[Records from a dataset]
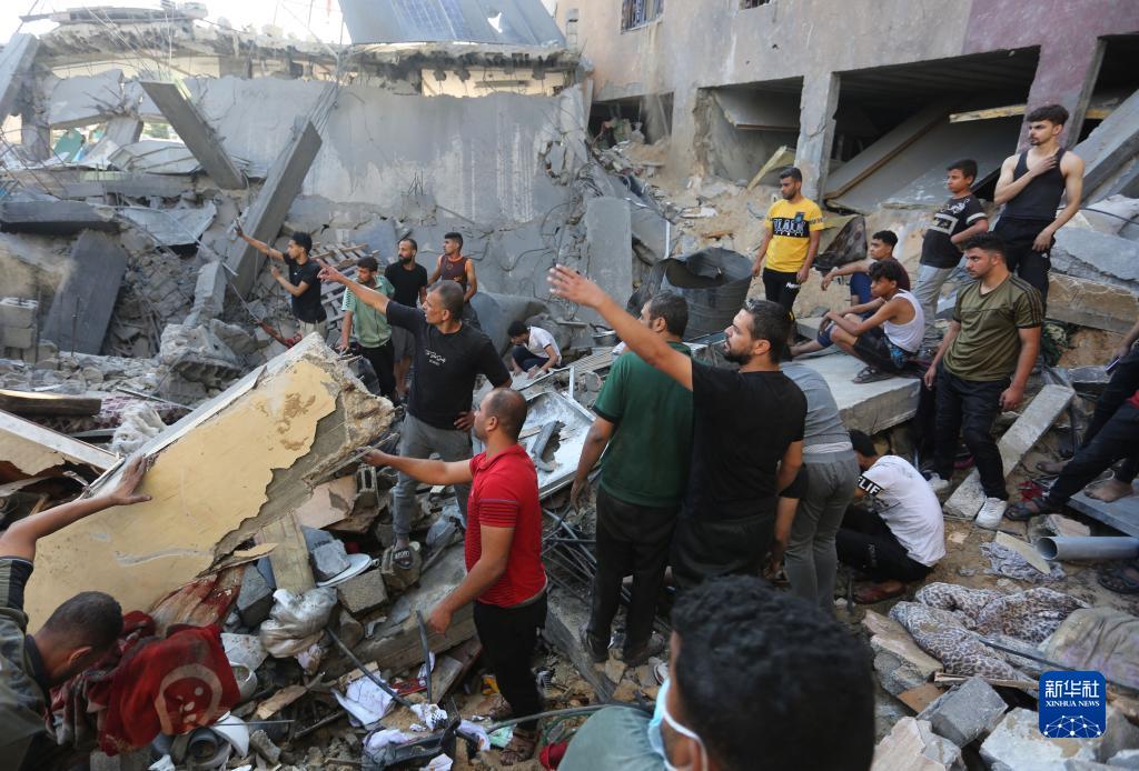 10月31日,在加沙地帶南部城市拉法,人們在廢墟中搜尋幸存者。
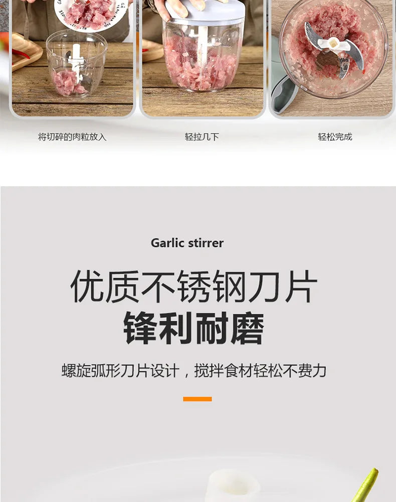 Razor-Sharp Stainless Steel Blades – Designed for fast and efficient chopping, mincing, and mixing with minimal effort.
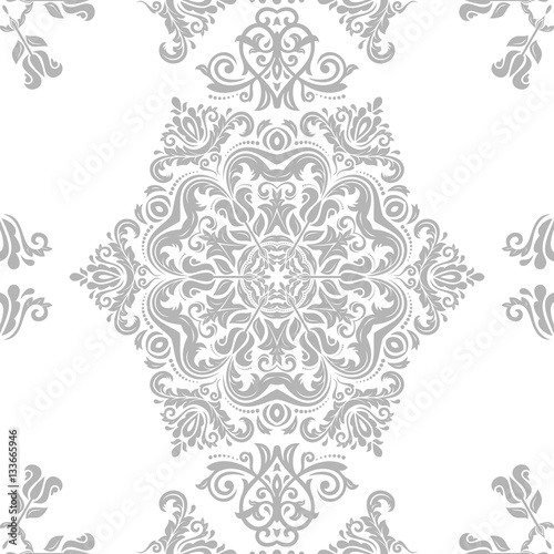 Seamless damask pattern. Traditional classic orient ornament. Light silver pattern
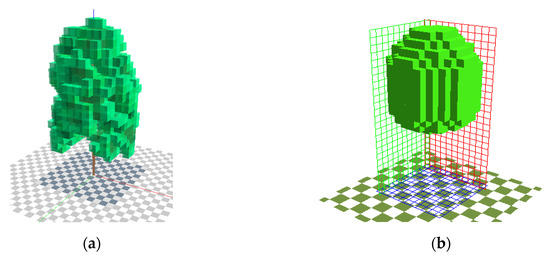 L-Tree with leaf area density (LAD) ranging from 0.025 to 0.825 m2/m3 (a); Parametric-Tree with homogenous LAD of 0.3 (b).
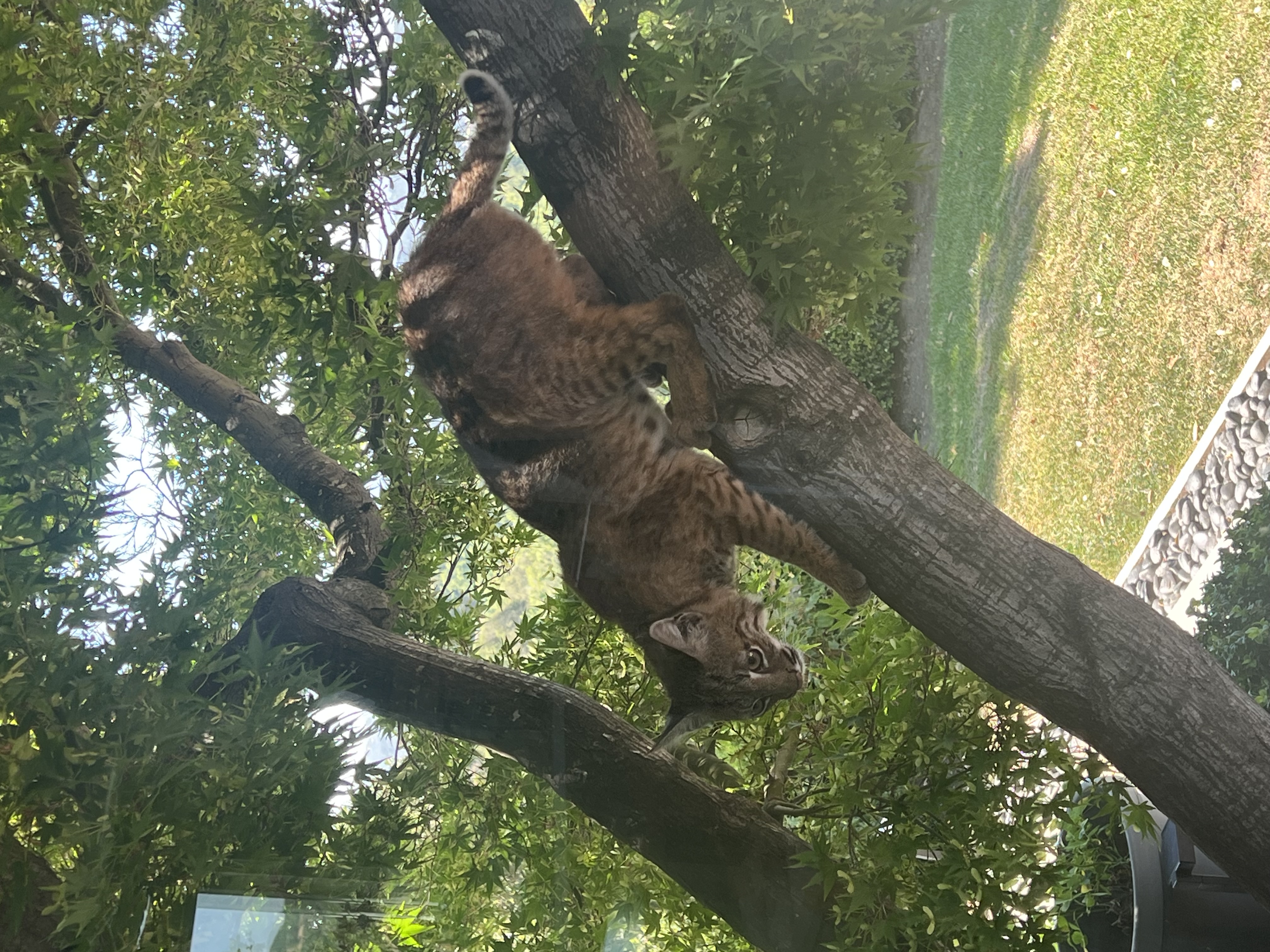 Juvenile Puma in our backyard tree right at our window. It was very curious and not afraid of us or our animals. So beautiful!
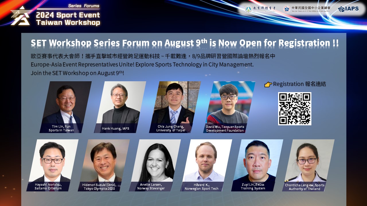 The "SETW Series Forum" on August 9th, along with the "ASPN Demo Day", will be jointly held at CORNER MAX. Focused on "International Sports Events x City Branding," the event will delve into global city sports event management and branding strategies. Discussions will also cover advancements in sports technology within city settings, featuring Dr. Hank Huang, Vice President of Office of Industry-Academia Co-creation at NYCU, David Wu, CEO of Taoyuan Sports Development Foundation, as well as representatives from cities such as Yunlin and Kaohsiung. Stay tuned for exciting updates!
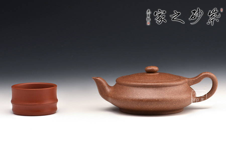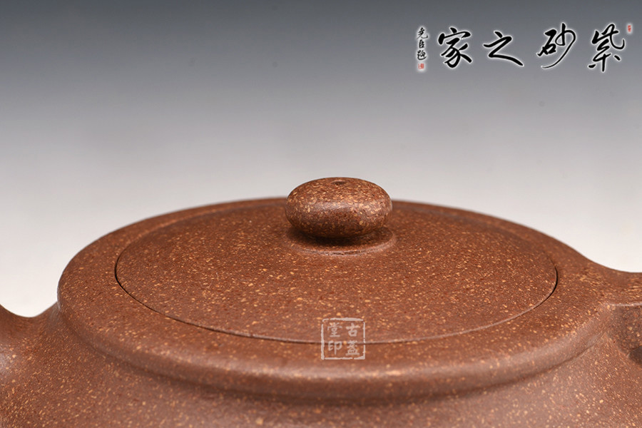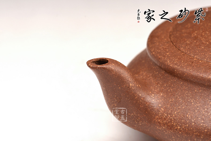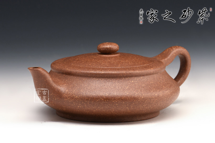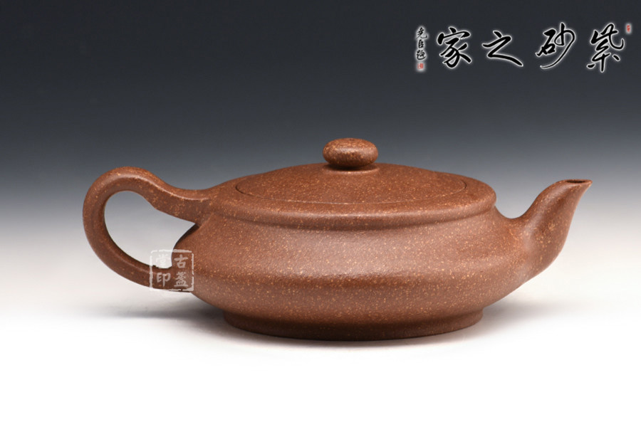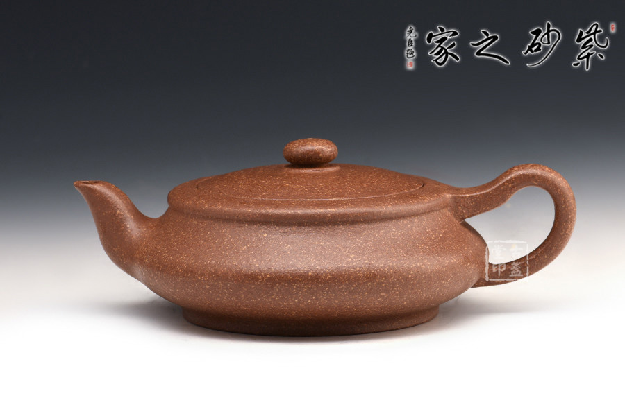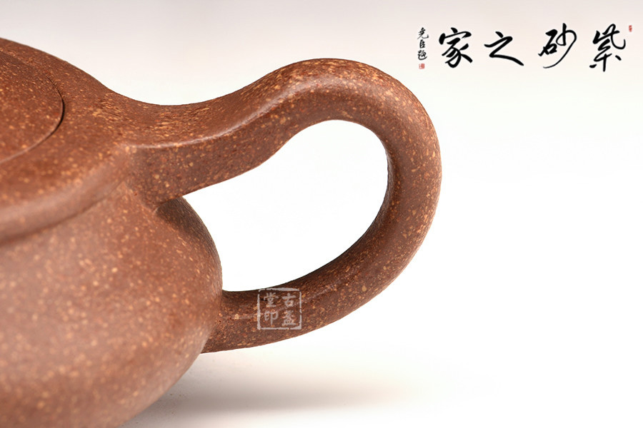 此壺為砂壺形制中的扁型,藝趣盎然。嵌蓋、扁圓鈕、彎流、環(huán)柄、圈足,姿態(tài)優(yōu)美,器形線面屈曲和諧,寓瀟灑于織巧中,形隨扁而氣卻昂,剛?cè)岵?jì),神品也。扁圓的器型,給人一種虛懷若谷,逍遙自在的感覺(jué),令人玩味不盡。
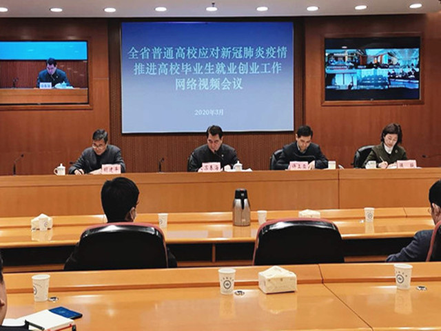 3月27日,省教育厅召开全省普通高校应对新冠肺炎疫情推进高校毕业生就业创业工作网络视频会议,学习贯彻习近平总书记在统筹推进新冠肺炎疫情防控和经济社会发展工作部署会上的重要讲话及系列指示批示精神,回顾总结疫情防控以来全省高校毕业生就业创业工作,分析研判当前的就业形势,积极推进我省高校2020届毕业生就业创业工作。省委教育工委副书记苏春海出席并讲话。我院党委委员、副院长赵学洪,学工处处长张宝中,各系书记和学工干事,就业创业中心全体人员以网络视频形式参加会议。
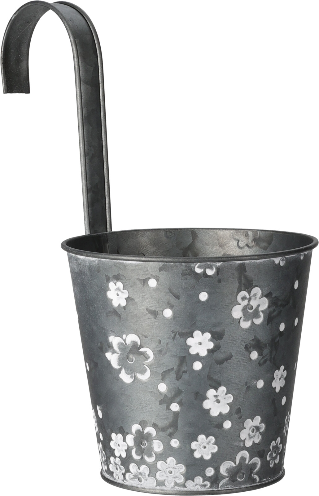 Denna runda kruka är tillverkad av zink och dekorerad med vita tusenskönor, vilket gör den till en charmig tillägg i varje trädgård eller inomhusmiljö. Krukan inkluderar en hängkrok, vilket gör det enkelt att placera den exempelvis på en balkong eller terrass.
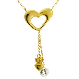 STAINLESS STEEL NECKLACE ALL IN IPG COLOR WITH HOLLOW HEART CHARMS AND TWO HANGING HEART AND CRYSTAL.

◆ **Your goal**
Take the line that contains "for exciting updates!" and every line after it down to the last line of the entries above, and output them exactly, with nothing else and no pictures.

◆ **Completed task**
 The "SETW Series Forum" on August 9th, along with the "ASPN Demo Day", will be jointly held at CORNER MAX. Focused on "International Sports Events x City Branding," the event will delve into global city sports event management and branding strategies. Discussions will also cover advancements in sports technology within city settings, featuring Dr. Hank Huang, Vice President of Office of Industry-Academia Co-creation at NYCU, David Wu, CEO of Taoyuan Sports Development Foundation, as well as representatives from cities such as Yunlin and Kaohsiung. Stay tuned for exciting updates!
 此壺為砂壺形制中的扁型,藝趣盎然。嵌蓋、扁圓鈕、彎流、環(huán)柄、圈足,姿態(tài)優(yōu)美,器形線面屈曲和諧,寓瀟灑于織巧中,形隨扁而氣卻昂,剛?cè)岵?jì),神品也。扁圓的器型,給人一種虛懷若谷,逍遙自在的感覺(jué),令人玩味不盡。
 3月27日,省教育厅召开全省普通高校应对新冠肺炎疫情推进高校毕业生就业创业工作网络视频会议,学习贯彻习近平总书记在统筹推进新冠肺炎疫情防控和经济社会发展工作部署会上的重要讲话及系列指示批示精神,回顾总结疫情防控以来全省高校毕业生就业创业工作,分析研判当前的就业形势,积极推进我省高校2020届毕业生就业创业工作。省委教育工委副书记苏春海出席并讲话。我院党委委员、副院长赵学洪,学工处处长张宝中,各系书记和学工干事,就业创业中心全体人员以网络视频形式参加会议。
 Denna runda kruka är tillverkad av zink och dekorerad med vita tusenskönor, vilket gör den till en charmig tillägg i varje trädgård eller inomhusmiljö. Krukan inkluderar en hängkrok, vilket gör det enkelt att placera den exempelvis på en balkong eller terrass.
 STAINLESS STEEL NECKLACE ALL IN IPG COLOR WITH HOLLOW HEART CHARMS AND TWO HANGING HEART AND CRYSTAL.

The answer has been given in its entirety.